Use a throwaway guest for live ESF collection — not your daily Mac. UTM is recommended on Apple Silicon or Intel hosts: create a macOS virtual machine with the same CPU architecture as your host (arm64 or x86_64), macOS 11+ (12+ preferred), and enough disk/RAM for ESF telemetry (8 GB RAM and 40 GB disk is a reasonable starting point).
On the VM, after installation:
- Confirm baseline:
sw_vers,uname -m, andcsrutil status - Disable SIP (required for typical ad-hoc ESF signing workflows): reboot into Recovery (Apple Silicon: hold power → Options; Intel: ⌘R at boot), open Terminal, run
csrutil disable, reboot, then verifycsrutil statusshows disabled - Enable Remote Login (System Settings → General → Sharing → Remote Login) for the user you will deploy as
Only disable SIP on this dedicated research VM. Full checklist: docs/vm-setup.md.
cp config/vm.env.example config/vm.env
# Edit ESGRAPH_VM_HOST, ESGRAPH_VM_USER, ESGRAPH_INSTALL_PATHWork through docs/vm-setup.md: SSH keys, deploy/sign, Full Disk Access, passwordless sudo (for automation).
./scripts/deploy-vm.shInstalls a codesigned esgraphd to /opt/esgraph/ on the VM.
On the VM (or via simulation script below):
sudo /opt/esgraph/esgraphd run --config /opt/esgraph/config/default.tomlStop with Ctrl+C — the writer flushes pending events before exit.
esgraphd status only reads the graph; it is not the live collector. To check whether run is active: ps -ax | grep '[/]opt/esgraph/esgraphd run'.
./scripts/debug-vm.sh # lldb on the VM over SSH
./scripts/stop-vm-collector.sh # stop a stuck esgraphd runNon-destructive threat-actor scenarios under scripts/attack-scenarios/ drive lab behaviour on the VM while the collector runs. Each scenario has an execution script and a cleanup script.

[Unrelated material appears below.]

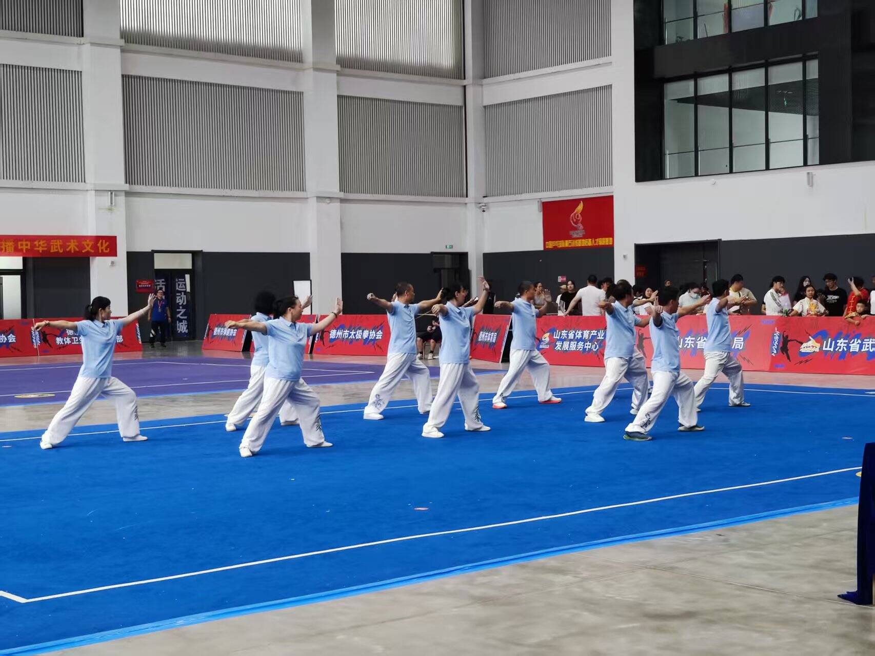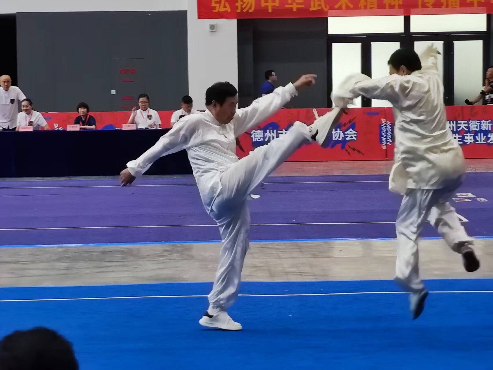 作为德州非物质文化遗产重要代表,王成太极拳的第二代传承人蔡文晓等进行展演,其独特的“松沉劲”与“缠丝劲”技法,将太极阴阳相生的哲学智慧演绎得淋漓尽致。王成太极弟子在太极对练、太极剑、太极刀、太极套路等项目上获一等奖。

./scripts/simulate-vm.sh --list-scenarios
./scripts/simulate-vm.sh --scenario apt29/apt29_discoveryThis orchestrates: start collector → run scenario → stop collector → copy LadybugDB database and logs to artefacts/simulations/ on the host → cleanup VM staging. Details: docs/deployment.md.
esgraph/
├── crates/
│ ├── esgraph-core/ # config, event names, graph model
│ ├── esgraph-store/ # LadybugDB schema and ingest
│ ├── esgraph-esf/ # live ESF client (macOS)
│ └── esgraphd/ # CLI: replay, query, status, run
├── scripts/ # deploy, debug, simulate, stop collector
├── config/ # default.toml (host), vm.default.toml (VM)
├── fixtures/ # JSON replay samples
└── docs/ # architecture and setup guides
| Document | Description |
|---|---|
| docs/ARCHITECTURE.md | System overview and crate index |
| docs/core.md | Config, events, graph model |
| docs/store.md | LadybugDB schema, ingest, Ladybug Explorer |
| docs/esf.md | ESF collector and normalisation |
| docs/cli.md | esgraphd commands |
| docs/config.md | TOML configuration |
| docs/vm-setup.md | VM rationale, checklist, SSH, sudo |
| docs/deployment.md | Deploy, debug, and simulation scripts |
cargo test --workspaceUse only on systems you own or are authorised to instrument. Attack scenarios are for isolated research VMs — do not run them against production hosts.